It's nearly Christmas, so it's time to reminisce over The Box of Delights. The most elaborate special effects happen at 18 min 52 sec into the first episode. No sniggering at the back, please - these were state-of-the art in 1984.
Incidentally, the theme music is the second movement of the Carol Symphony by Victor Hely-Hutchinson.
 
I loved Arthur as a kid. This clip was from an episode that was a little later then when I watched, it but it's worth sharing since it was about Asperger's. The episode is called When Carl Met George if anyone wants to watch the full thing.

 
There was great children's programmes from the 9th August 1979 on ITV in the UK.......NOT! I literally had the following to watch and this message stayed on the screen until the 24th October:

The best children's TV programme in the world.

I remember watching the TV when this message suddenly came on and I sat there for ages moaning at my Mum asking her when it would come back on, little did I know it would be a very VERY long wait. I continued to hound her however, checking it and moaning every single day lol!
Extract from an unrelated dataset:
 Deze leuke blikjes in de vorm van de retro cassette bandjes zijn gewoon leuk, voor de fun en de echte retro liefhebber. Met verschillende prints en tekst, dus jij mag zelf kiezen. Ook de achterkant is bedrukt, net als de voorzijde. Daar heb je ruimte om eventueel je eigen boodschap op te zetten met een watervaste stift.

All that was left was BBC1 that broadcast from about 9am until about 12 midnight and BBC2 that only broadcast about 25% of the time and when it did it was Open University or extremely boring documentaries. There was barely any children's programmes in a time before anyone really had video recorders and I wasn't introduced to my special interest (computers) until later that year. For more info about the long bitter ITV industrial dispute please click here.
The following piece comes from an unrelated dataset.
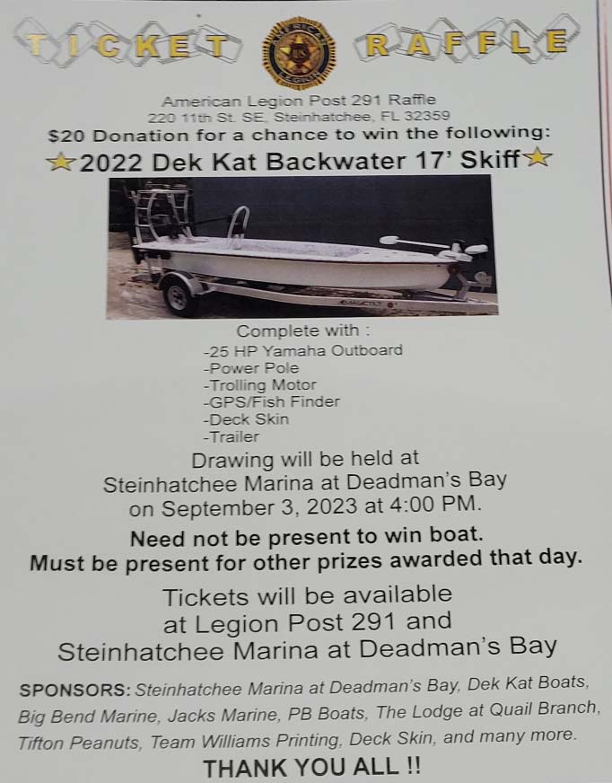Located in Steinhatchee Florida, P.O. Box 484, Steinhatchee, FL 32359, Post Location: 220 11th Street.

Okay I can't just leave you with the above, was anyone old enough to remember this?

The Banana Splits


Well even I wasn't old enough to remember it when it was first shown from 1968 to 1970, but I do remember the reruns. I never really did like the actual TV programme itself however, only the opening and ending themes.


Here is a classic 1978-1980 Japanese TV series (dubbed in English) I really used to love however:

Monkey (TV series)


I also used to love listening to the narrator too who would always be giving great words of wisdom and enlightenment, lol!

The boy priest was actually played by a women named Masako Natsume who was actually a model before the series, she even did topless pin ups for a cosmetic company in 1977. Sadly she died at the very young age of only 27 in 1985 of leukaemia.